Первый и последний (СИ) - Орлова Екатерина Марковна
— Я люблю тебя, — шепчу я.
— И я люблю тебя, — отвечает Дрю.
И мир возвращается на место. Как будто последние несколько месяцев я скиталась по пустыне в поисках глотка воды, а теперь набрела на оазис, напилась живительной влаги и мое тело снова ожило. Словно заново родилась.
Дрю скидывает со своих лодыжек застрявшие там джинсы, подхватывает меня под попу и несет в ванную, не переставая покрывать нежными поцелуями лицо и шею.
— Я так сильно соскучился, — говорит он. — Надеюсь, у тебя ничего не запланировано на ближайшие три дня, потому что я не планирую тебя выпускать из спальни.
— Нет, у меня запланирован отдых на ближайшую неделю.
— Тогда я продлю свой мини-отпуск, чтобы все это время пробыть с тобой.
— Ты идеальный, знаешь? — спрашиваю я, пропуская через пальцы его волосы, и целуя, а потом отвечая на поцелуй.
— Только с тобой.
Глава 35
Дрю
— Мистер Нортон, есть. Всю информацию выслала вам на электронную почту. Только давайте, как и договаривались, оформим все в течение недели. Обычно не делаю ничего на заказ, но Адам очень просил за вас, так что прошу вас без проволочек. Он не должен попасть в систему, иначе потом все буде намного сложнее.
— Спасибо, миссис Стэтхэм. Я бесконечно благодарен. И да, мы все сделаем в течение недели. Через три дня буду у вас.
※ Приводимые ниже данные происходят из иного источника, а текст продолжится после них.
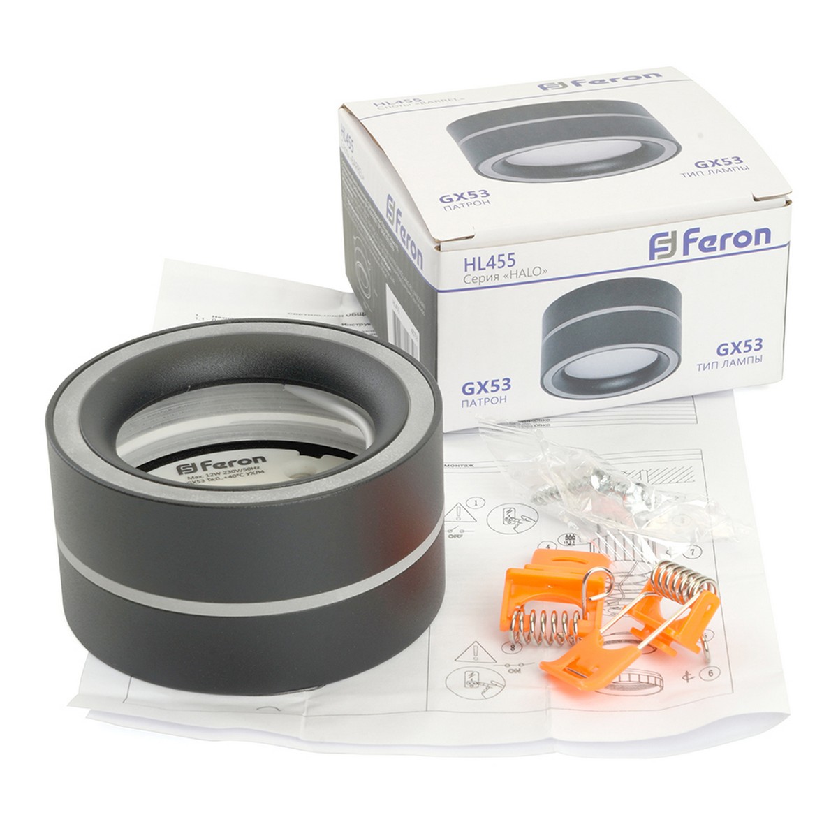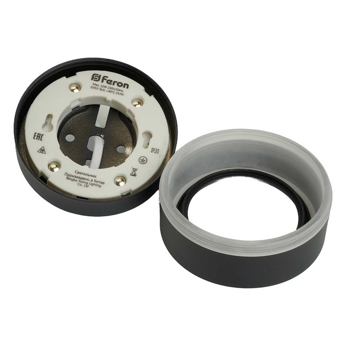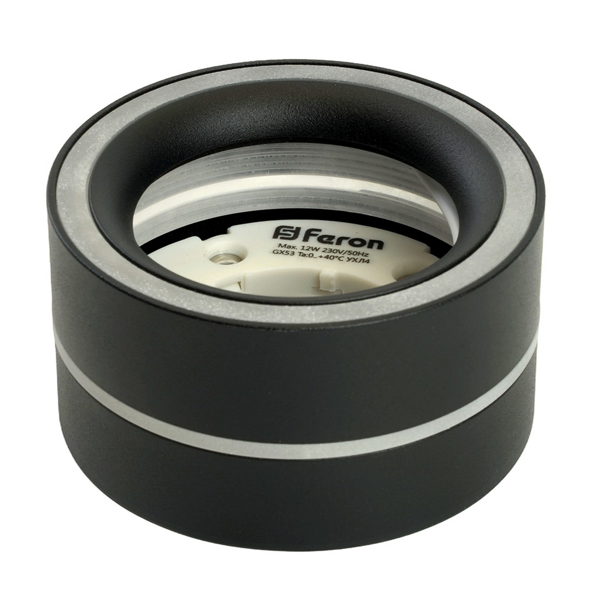 Светильник стационарный под лампу , спот (ИПО) FERON HL455, GX53 12W, 230V, IP20, цвет чёрный, корпус алюминий, акрил, 85*85*47

Мы прощаемся с ней и я откладываю телефон на прикроватную тумбочку. Несколько дней я искал удобного случая, чтобы поговорить с Долли и озвучить ей свой план. Но, как всегда и бывает в таких ситуациях, удобного не представилось. Да и может ли он быть, когда на кону судьбоносное решение? В любом случае, Стэтхэм не оставила мне выбора, поэтому я буду вынужден обсудить все с Долли уже сегодня.
— Все улажено, — говорит Долли, заходя с террасы. Она прыгает на кровать и смотрит на меня с улыбкой. — Мы можем поехать завтра. Например, выехать утром, а в воскресенье вернуться. — Она ложится и потягивается, как кошка. — Жду-не дождусь, когда мы окажемся в дали от всех и всего, в тишине леса. Ох, Дрю, это будет круто. И я знаю, что у меня там родятся еще десятки идей. Это так волнительно.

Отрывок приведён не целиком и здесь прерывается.